The disappointment with Suu Kyi’s government is leading to the creation of new political formations. Ei Thinzar Maung, a young leader of the Democratic Party for a New Society, said she was dismayed that young people who demonstrated against the war in Kachin state in May had been arrested. Ko Ko Gyi, a veteran pro-democracy activist had founded the Four Eights People's Party. He said his primary strategy was to build alliances with ethnic parties in Myanmar on a platform of "equality" and "federalism." Most of these parties lost heavily to the NLD in 2015 but stand to gain from disillusionment of minority groups with Aung San Suu Kyi. Gyi’s Four Eights People's Party, named in reference to the "8888" general strike on August 8 during the 1988 uprising, had been told by the electoral commission to change its name, flag and logo to omit any reference to "8888," warning that its application would otherwise be canceled.

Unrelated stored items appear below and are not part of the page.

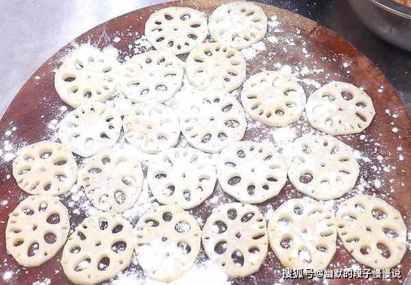 3.准备两节莲藕,把外皮削干净,切成和硬币差不多厚的藕片,在藕片上均匀撒上淀粉,增加藕片的粘合力。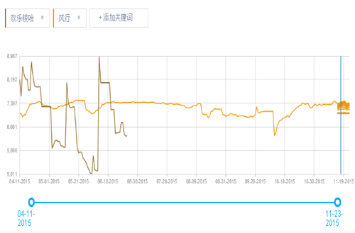 從下圖中可以看出,風行這個詞的熱度一直較為平穩,而另一個詞的起浮就較為嚴重,可以說這個詞刷的時候並沒有規律,一會刷一會不刷,就造成了這種巨大的起浮。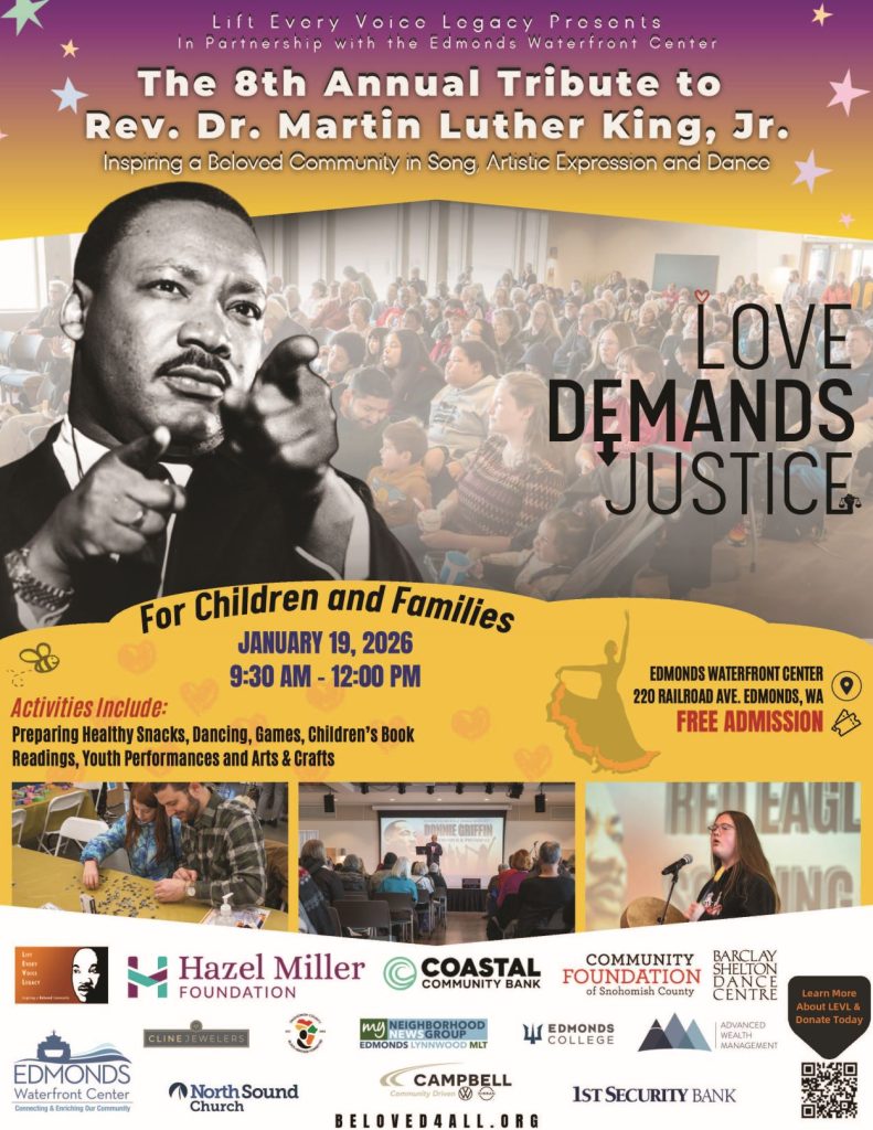 Edmonds College hosting a free, family-friendly tribute to Martin Luther King Jr. on January 21, from 12:30 p.m. to 2 p.m. This event will be engaging, inspiring, and a reminder of the importance of taking action to create a more just and equitable society.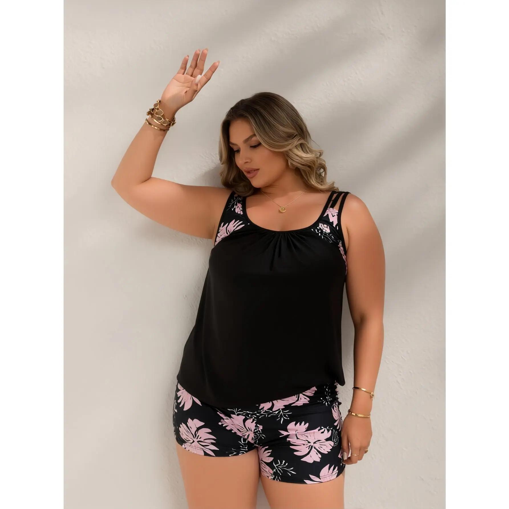 5. BlushHub Floral Print Ruched Tankini with Boy Shorts - Black & Pink Plus Size Two-Piece Bathing Suit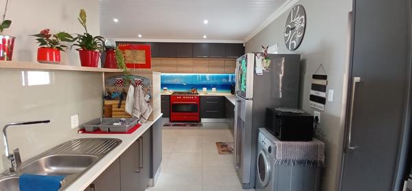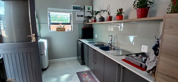 As you enter through the kitchen door you are greeted with modern finishes of cupboards and appliances. The kitchen have a unique backsplash behind the stove. The separate scullery have space for your washing machine, tumble dryer and dishwasher. There are ample cupboard and drawers to store all your appliances and keep the working surfaces clean and tidy.

With elections due in 2020, and with Aung San Suu Kyi’s charisma fading and her supporters drifting, Commander-in-Chief Senior General Min Aung Hlaing comments could suggest a possible political outcome – that of the military making sure that its power gets further entrenched—even if it means turning the page back to the pre-2015 situation. The ongoing violence in Myanmar; the recalcitrance of the strongest ethnic armies to lay down their weapons; the increasingly belligerent tone of the Buddhists; the preoccupation of the USA and major western countries with their own concerns and western Islamophobia could all work to the army’s advantage.